● WHAT YOU SHOULD DO
Leave the pictures out and return every line below exactly.
──────── SUPPLIED MATERIAL
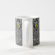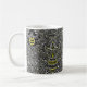 a caneca de café cerâmica resistente e clássica impressa com uma abelha intrincada inspirou o design em branco e em amarelo contra o preto.
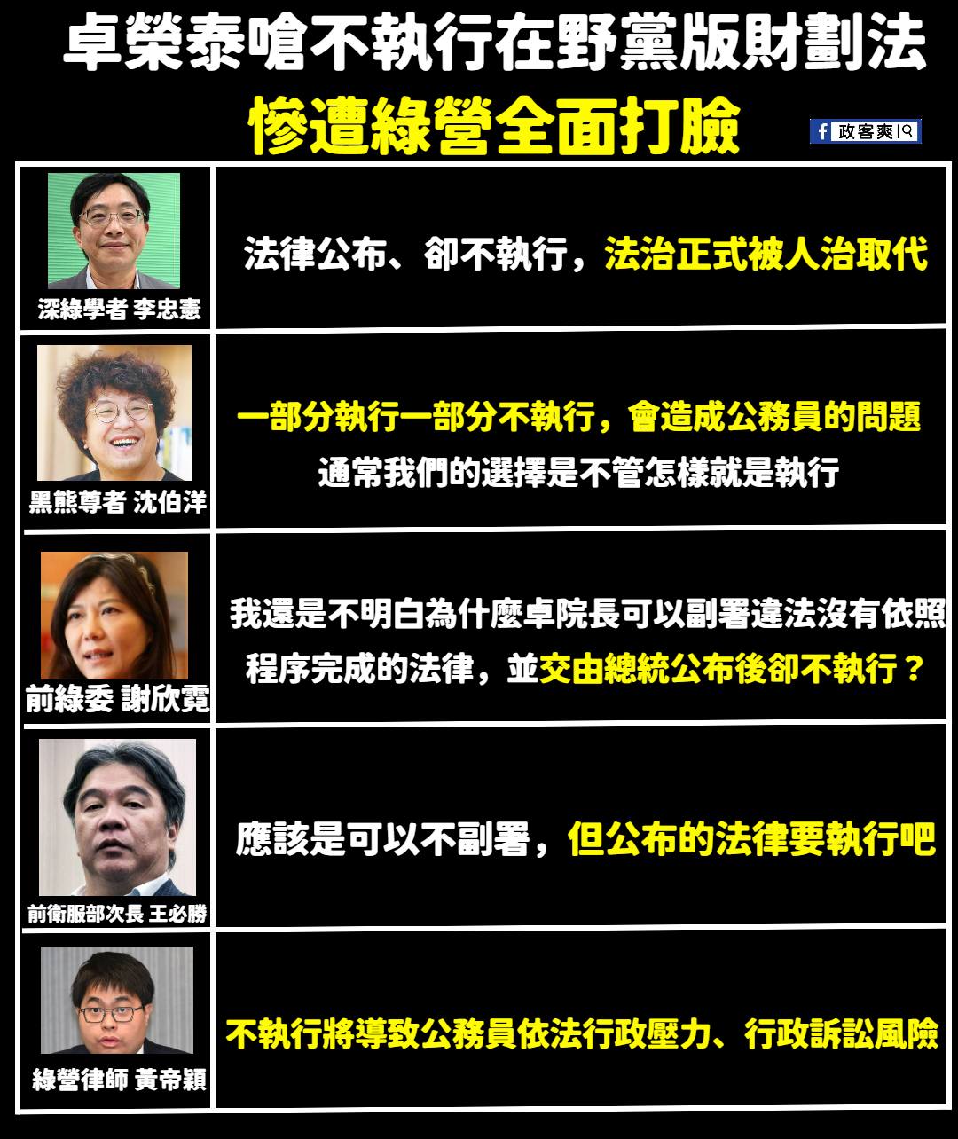 這讓綠營一些重視法治精神的人看不下去,賴政府目前整個荒腔走板,自己人都搞不懂的狀況下做一些莫名其妙的決策。
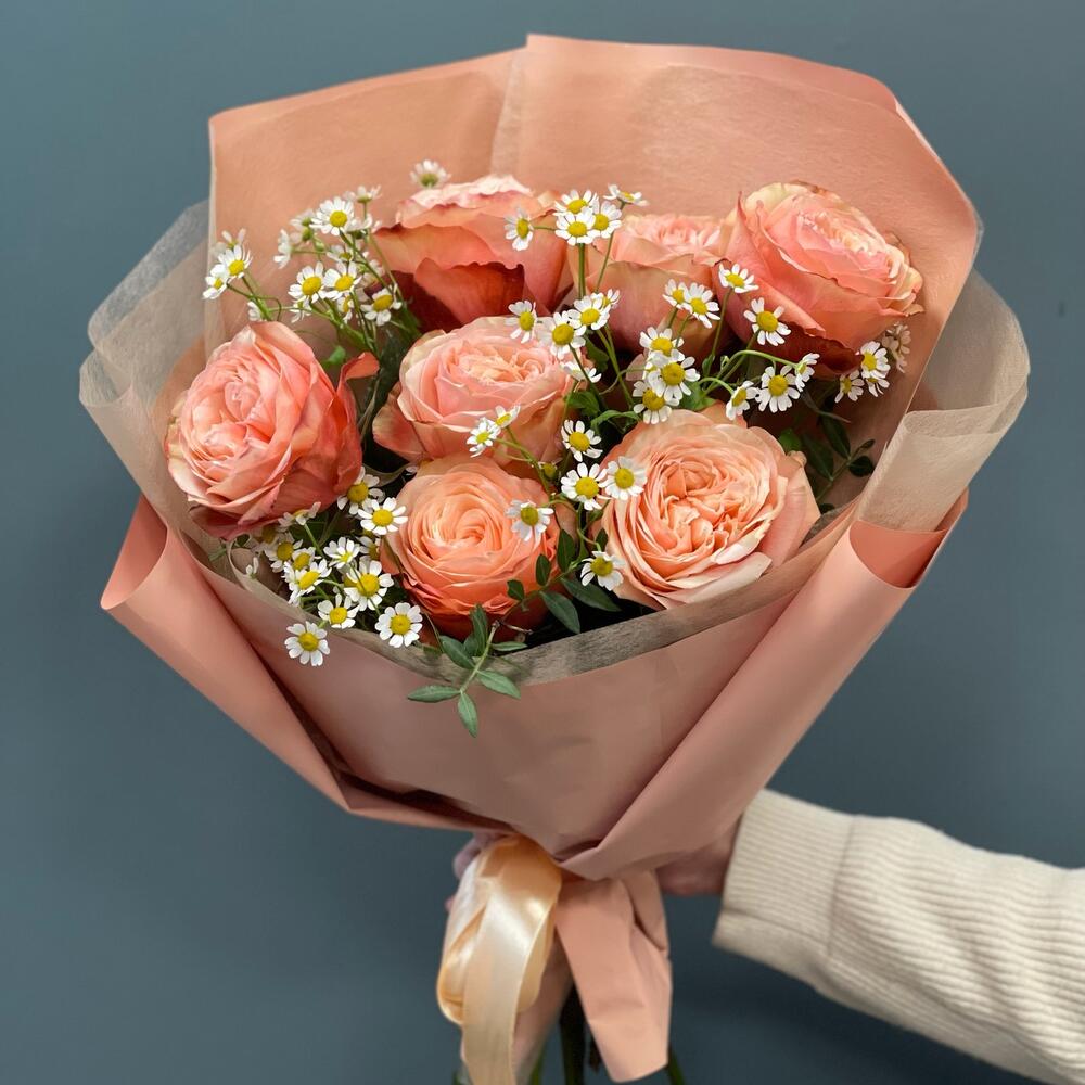 Лента – 1 шт.Роза одноголовая – 7 шт.Матрикария – 3 шт.Фисташка – 3 шт.Упаковка дизайнерская – 1 шт.
────────────────
● SOLUTION FOR THIS TASK
 a caneca de café cerâmica resistente e clássica impressa com uma abelha intrincada inspirou o design em branco e em amarelo contra o preto.
 這讓綠營一些重視法治精神的人看不下去,賴政府目前整個荒腔走板,自己人都搞不懂的狀況下做一些莫名其妙的決策。
 Лента – 1 шт.Роза одноголовая – 7 шт.Матрикария – 3 шт.Фисташка – 3 шт.Упаковка дизайнерская – 1 шт.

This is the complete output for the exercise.